3.10 These improvements will free up real resources that will be re-invested in community-based services or in parts of the healthcare system requiring greater capacity. We will build these opportunities in each specialty, determining achievable improvement aims by the end of the first year of the Programme.
3.11 The Programme is therefore designed to inspire a new model which reduces the need for routine face-to-face appointments by predicting risk, providing support only when intervention is necessary, whilst maximising the role of all clinicians across the healthcare system and delivering care in the community or in the patient's home whenever safe and practical to do so.
3.12 The dramatic increase in referrals to secondary care in a number of specialties is driven by increased disease prevalence, increased patient expectation and an increased range of treatments. A large number of referrals, however, do not result in any diagnosis being made (up to 30% in some specialties). Not all referrals are made for diagnostic purposes, and not all referrals result in changes to care and treatment as a whole.
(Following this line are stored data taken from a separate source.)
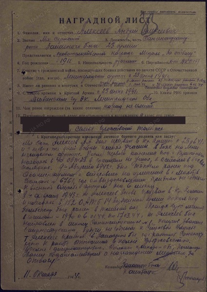 «Мл. серж. Алексеев А.А. был призван в Кр. Армию с 23.06.1941 г. и с первых же дней войны принял участие в боях на Ленинградском фронте.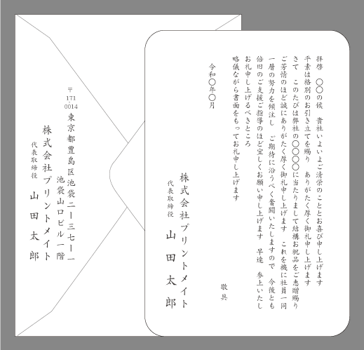 ビジネスでのお礼状は、「封筒付き挨拶状」で印刷するのががおすすめですが、頂いたものに応じて使い分けてください。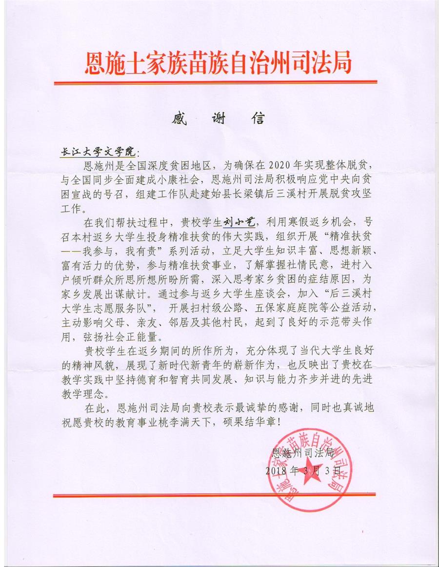 (通讯员 靳婷婷 )3月15日,文公司收到一封来自恩施土家族苗族自治州司法局的感谢信。因公司中文11401班刘小艺同学在寒假返乡期间积极参与并协助开展“精准扶贫――我参与,我有责”系列活动,恩施州司法局专门写信表示鼓励和感谢。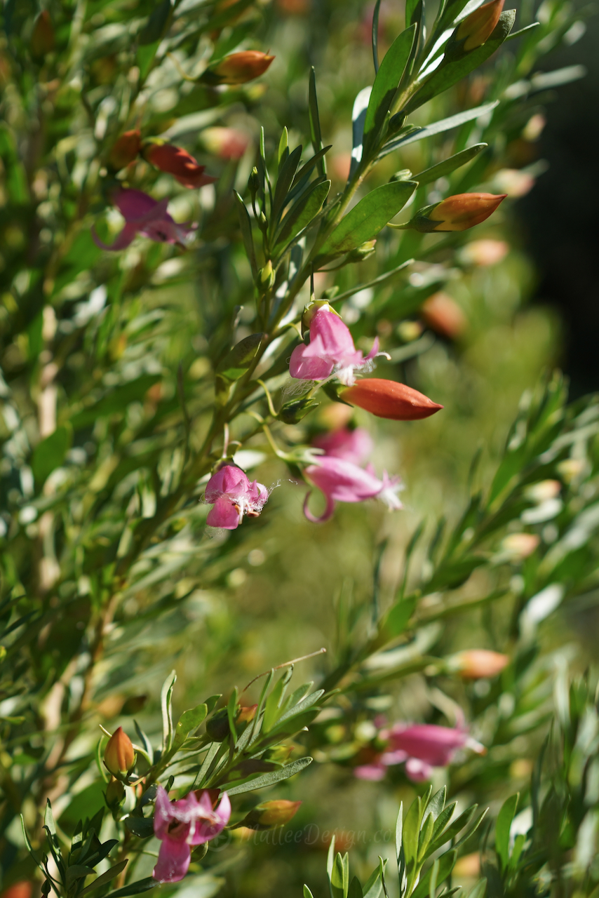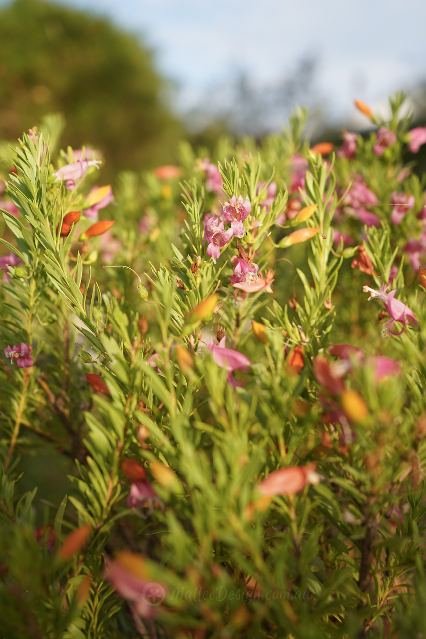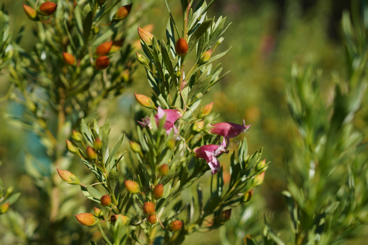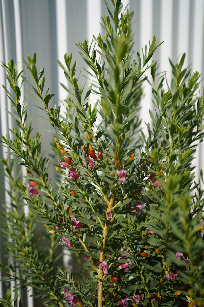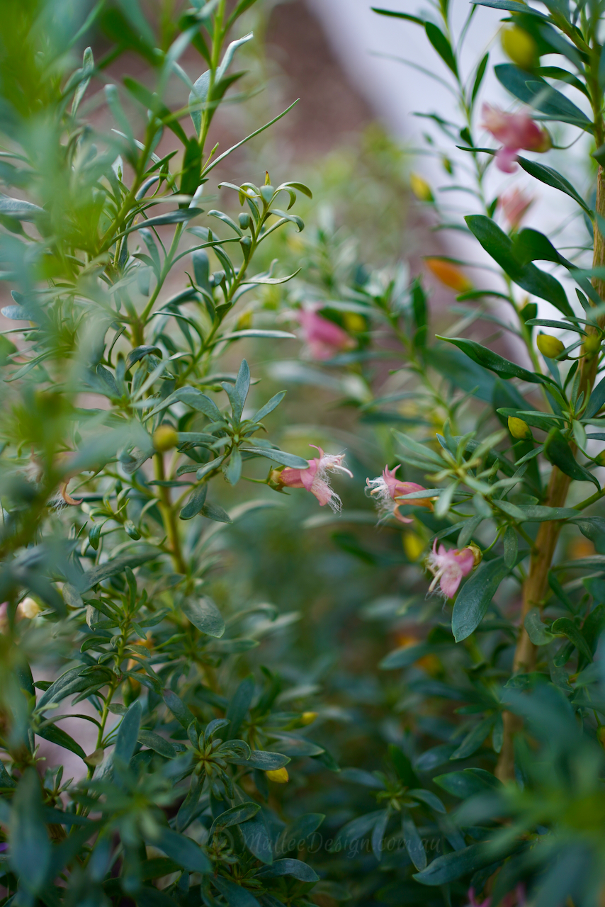 This Emu bush is always a great performer in a difficult postion, providing so my joy with its multicolured buds and blooms. I have been growing Eremophila ‘Fairy Floss’ for a number of years now and have found it to be particularly tough and hardy. What I didn’t realise was that it is a cross between racemosa and maculata (I thought only racemosa) so no wonder it is so resilient. One of the things I adore about ‘Fairy Floss’ is the varied colours of the buds, they begin yellow, then turn orange and then the flower opens to pink, this gives such a lovely array of colour through Winter and into Spring.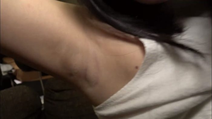 綺麗なバンザイ正常位ではありませんがワキにある線をしっかり見ることができて中出しSEXで見せるくっきりとしたワキのシワがエロさを引き立てます。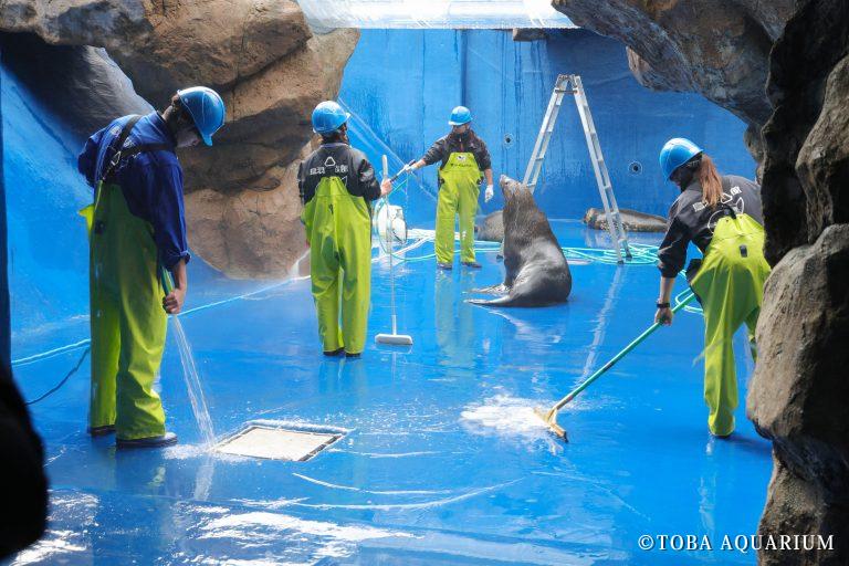 45分ほどかけて約600tもの水が水槽から抜かれたのち、集まった6名の飼育係が水槽の大掃除に取り組みました。デッキブラシやホースを駆使して水槽を掃除する飼育係の姿に、水槽内のカリフォルニアアシカをはじめミナミアフリカオットセイやハイイロアザラシたちは興味津々の様子でした。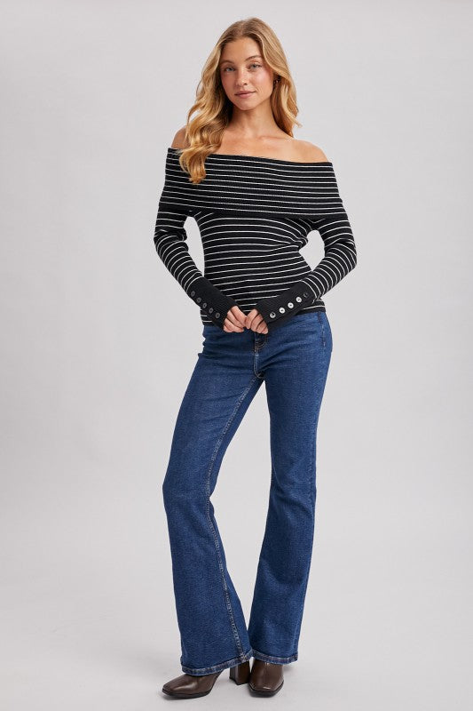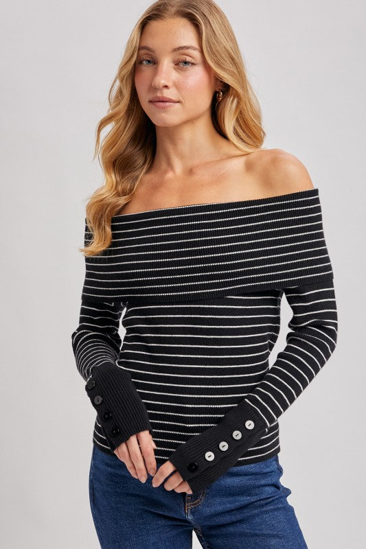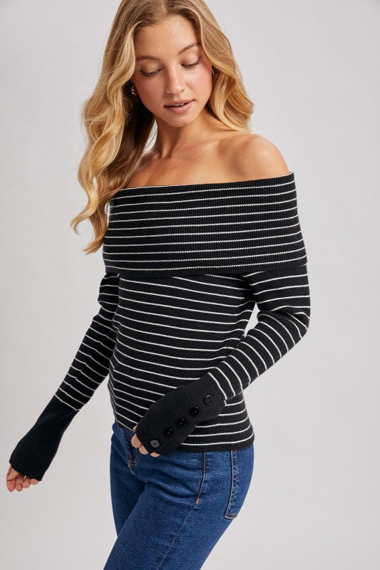 Strut your stuff in this cheeky off-the-shoulder stunner! Featuring bold horizontal stripes in crisp white against a rich black and latte blend, this fitted knit top is pure sass. The ribbed texture hugs you in all the right places, while long sleeves keep things classy—until those adorable button accents at the cuffs steal the show. Stretchy and comfortable, it's the perfect piece for turning heads whether you're hitting the town or just living your best life.
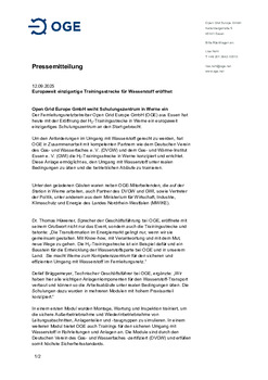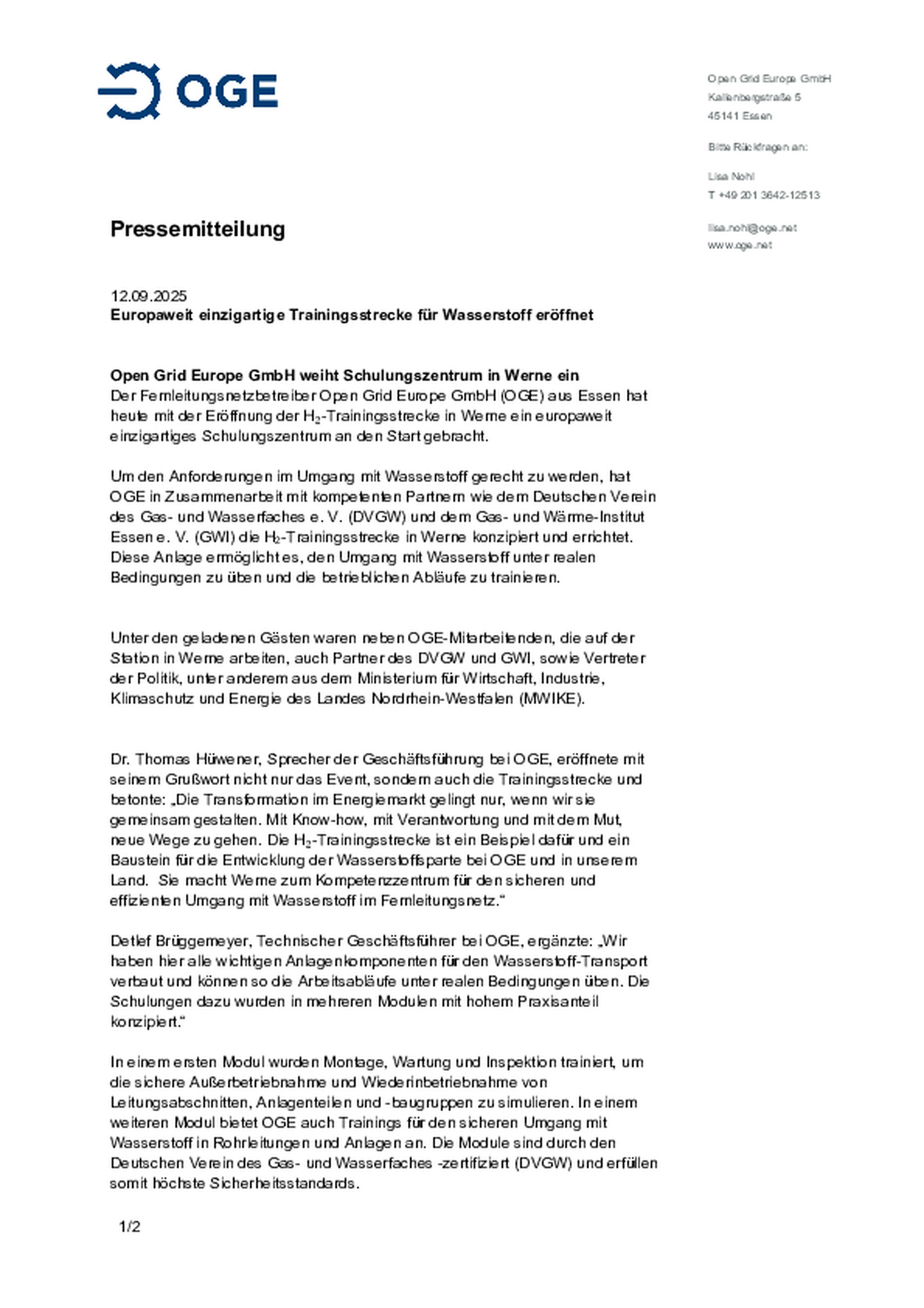 Open Grid Europe GmbH weiht Schulungszentrum in Werne ein. Der Fernleitungsnetzbetreiber Open Grid Europe GmbH (OGE) aus Essen hat heute mit der Eröffnung der H₂-Trainingsstrecke in Werne ein europaweit einzigartiges Schulungszentrum an den Start gebracht.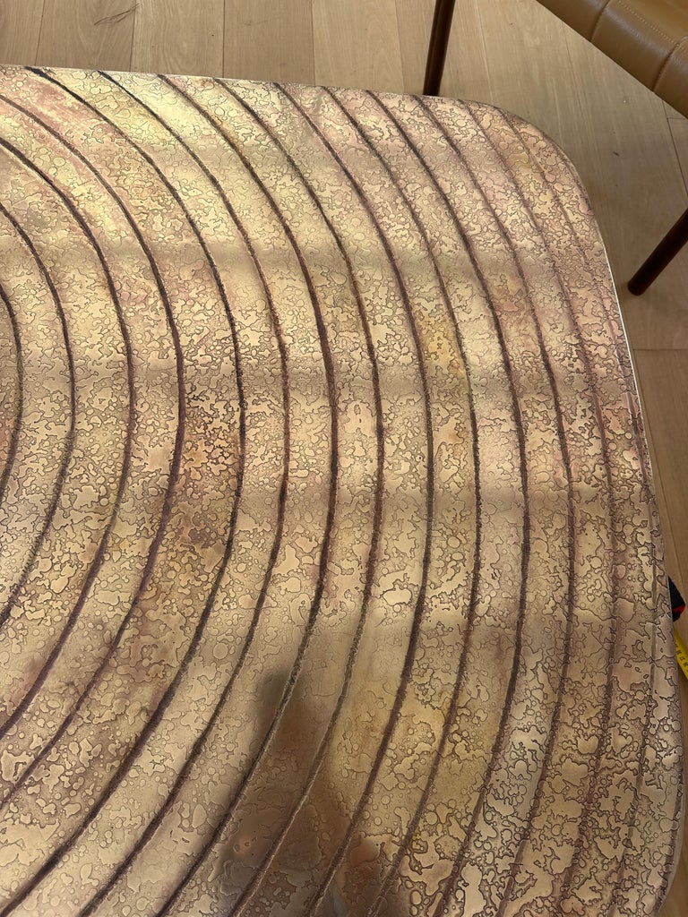 The piece is inspired by the work of Ado Chale, the Belgian artist and designer known for his sculptural bronze tables and unique textured surfaces.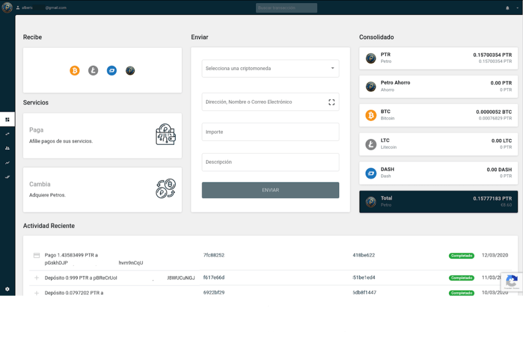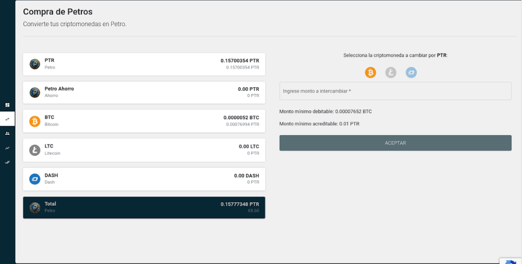 La misma, actualmente permite administrar los Petros (PTR) de los usuarios y también sus Bitcoin (BTC), Litecoin (LTC) y Dash (DASH), los cuales pueden ser usados para comprar el criptoactivo nacional. Por ahora, no se permite lo contrario, es decir, comprar BTC, LTC y DASH con PTR acumulados en la misma.

3.13 We need to do more to support clinicians to manage risk appropriately and confidently, especially in the face of multi-morbidity. 'Realistic Medicine' can deliver change by reducing population 'health anxiety' and by fostering a culture which supports clinicians to have more informed conversation and decision making with patients.
3.14 The Programme will support clinicians and other health and social care staff to develop robust approaches to deliver improvements in outpatient services to achieve the aims of the Programme. Working towards the transformational changes that are required will necessitate local clinical leadership and ownership. A number of healthcare systems worldwide have developed approaches that will be shared in order to support the Programme across Scotland.
Development of The Modern Outpatient model, which avoids the need for routine planned care by predicting risk, enabling self-management, providing support and intervention only when necessary, while maximising the role of all clinicians across the healthcare system.